--- START ---

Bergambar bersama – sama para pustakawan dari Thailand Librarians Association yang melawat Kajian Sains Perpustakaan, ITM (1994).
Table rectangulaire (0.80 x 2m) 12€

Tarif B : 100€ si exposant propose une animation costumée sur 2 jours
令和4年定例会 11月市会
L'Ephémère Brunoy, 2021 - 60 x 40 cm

--- END ---
--- START ---

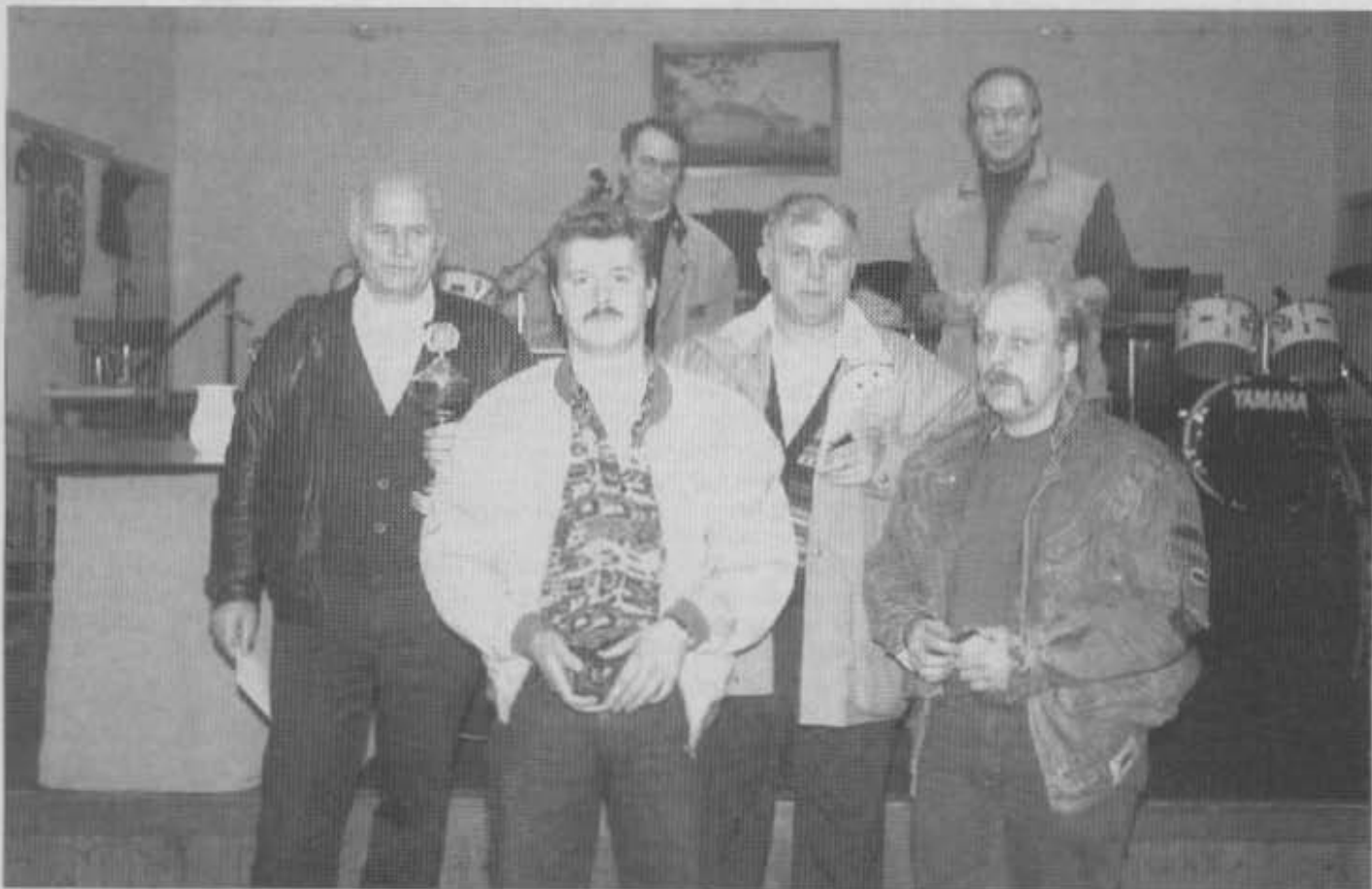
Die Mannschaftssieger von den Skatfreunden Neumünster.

--- END ---

The task:
After locating the line with "Table rectangulaire (0.80 x 2m) 12€" above, return that line and every later line through the one with "L'Ephémère Brunoy, 2021 - 60 x 40 cm", word for word and with nothing else.

Solution for this task:
Table rectangulaire (0.80 x 2m) 12€

Tarif B : 100€ si exposant propose une animation costumée sur 2 jours
令和4年定例会 11月市会
L'Ephémère Brunoy, 2021 - 60 x 40 cm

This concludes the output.